Pra quem tem curiosidade em saber como é a Páscoa na Austrália já posso antecipar que não chega nem perto da loucura que é aí no Brasil. Normalmente um mês antes da chegada do coelhinho até os nossos botecos estão cobertos de ovinhos, coelhinhos, caixas de bombos e outros tipos de chocolates pra galera se empanturrar e ouvir a piazada reclamando das espinhas. Aqui a coisa é bem diferente. Reparei que tinham alguns coelhinhos lá no canto do Supermercado... ali na última prateleira, no meio das panelas e dos jogos de talheres (todos vindos da china, é claro).
Por sorte a Di-Anne, minha amiga da casa de família que fiquei quando cheguei em Melbourne, me levou pra pescar em um clube de pesca familiar em Williamnstown, praia de pescadores e próximo da entrada para o principal porto de Melbourne, Docklands. (link pra quem quiser conferir no google maps)
Pra quem imaginou o Clube de Pesca um prédio grande, e um pier cheio de navios luxuosos com frigobares lotados de espumante e caviar se enganou. O QG dos locais é um galpãozinho bem xinfrim com meia dúzia de mesas com mapas, fotos, jornais e é claro, muita cerveja. O pessoal passa o dia ali bebendo, pescando e falando bobagem. Pescar e beber é a rotina diária deles. Por ser um clube privado, só entram familiares e amigos mais chegados pra visitar o pessoal. Quem nos convidou pra passar a páscoa com eles foi um tiozinho muito gente boa chamado “Li”, que a Di-Anne conhece há alguns anos já. Entrando no estabelecimento deles largamos na mesa um fardinho de 6 long necks e um trago grego feito em casa, logo todos que estavam dentro do mini galpão, do tamanho de mais ou menos 2 salas grandes, olharam com uma cara de alegria e falaram: “FELIZ PÁSCOA!” Foi o que o Li precisava ver pra nos convidar pra pescar no barco dele!

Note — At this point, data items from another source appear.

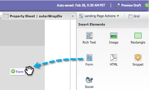 The landing page designer opens in a new window.2. Drag over the Form element.
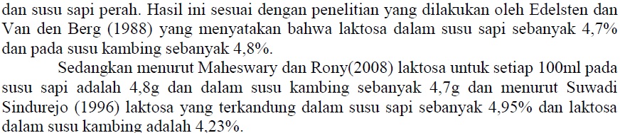 Hasil dari penelitian ini masih bisa didiskusikan lebih lanjut. Karena dari sumber yang peneliti sebutkan dalam penelitiannya, perbedaan jumlah laktosa antara susu kambing etawa dan susu sapi friesh holland memang lebih banyak susu kambing etawa, akan tetapi perbedaannya tidak signifikan.
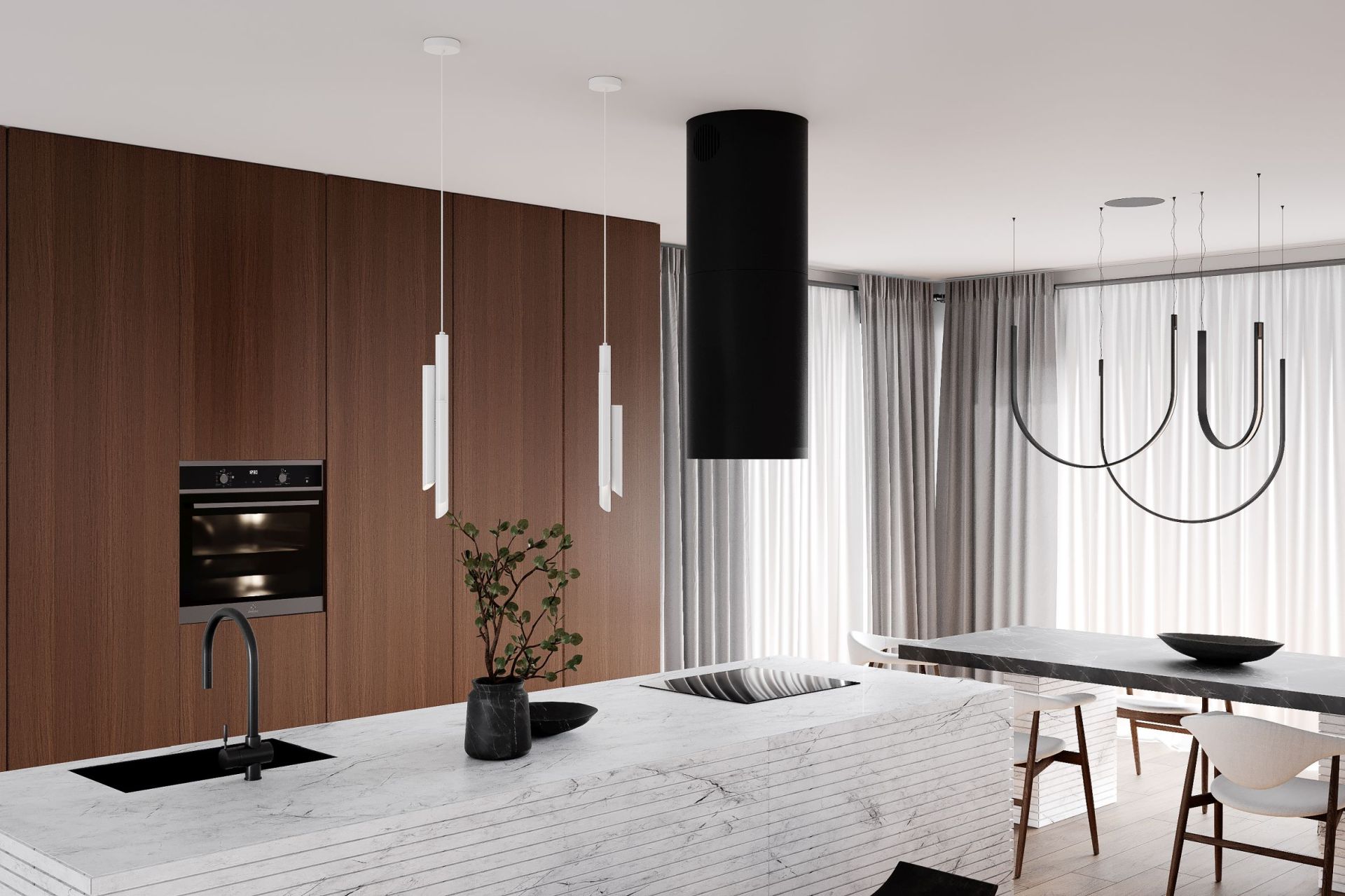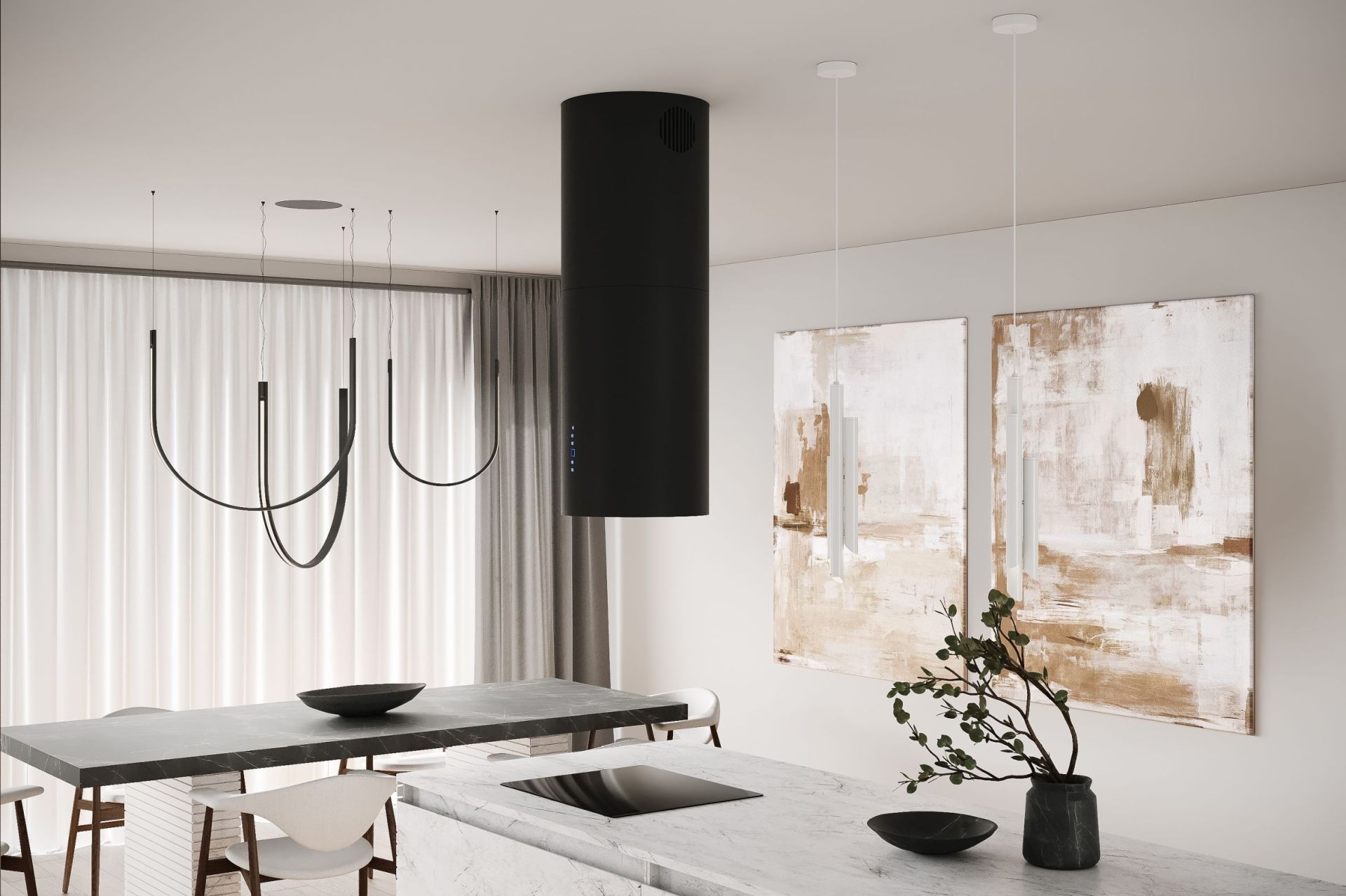 Ostrůvková digestoř Tubo patří mezi nejoblíbenější modely z naší nabídky. Kombinace matné černé barvy a tvrzeného skla ji dodávají jedinečný design. Jemný lesk tvrzeného skla a matná černá barva představují nepřehlédnutelnou a praktickou kombinaci, díky které se digestoř velmi snadno udržuje. Kromě toho lze spodní víko digestoře otevřít, což usnadňuje přístup k filtrům. Je vybavena úsporným a účinným LED osvětlením a výkon digestoře uspokojí i ty nejnáročnější zákazníky.

Colocamos um casacão, pegamos os molinetes e nos dirigimos para o píer. Dezenas de barquinhos velhos, pra não falar caindo aos pedaços, e eu pensando em qual deles iríamos dar uma volta! Por sorte o barco do Li era o mais filha da p....! Pintura toda descascada, um monte de tralha dentro e uma caixinha no meio do barco que até então eu não tinha idéia do que seria. Um banco? Uma caixa de ferramentas? Foi então que ele abriu e ali estava o motor possante que ele fez questão de me falar umas 5 vezes que era de 1940! O bendito motor do barco mais parecia mais um motor de geladeira velho! Todo orgulhoso da geringonça ele me puxa um uma ferramenta feita de cano de PVC para tirar a água da caixa do motor! Ah, agora sim eu tava tranqüilo. Tínhamos um colete salva vidas e éramos 3 dentro do barquinho, sendo que a Di-Anne não sabe nadar e a mulher é grande, duas vezes o pobre Li que deve pesar uns 50 kg. Não da nada! Depois de algumas tentativas de ligar a naba, o motorzinho pega no tranco! Embarcamos e nos dirigimos mar a dentro. Parando num primeiro ponto pra começar a pescaria, o Li abre uma caixinha cheia de iscas artificiais e pede pra eu pegar uma laranjinha, especial pra pescar Calamari! O calamari é tipo uma lula, tem 10 tentáculos e larga aquela tinta preta na água quando se sente ameaçada.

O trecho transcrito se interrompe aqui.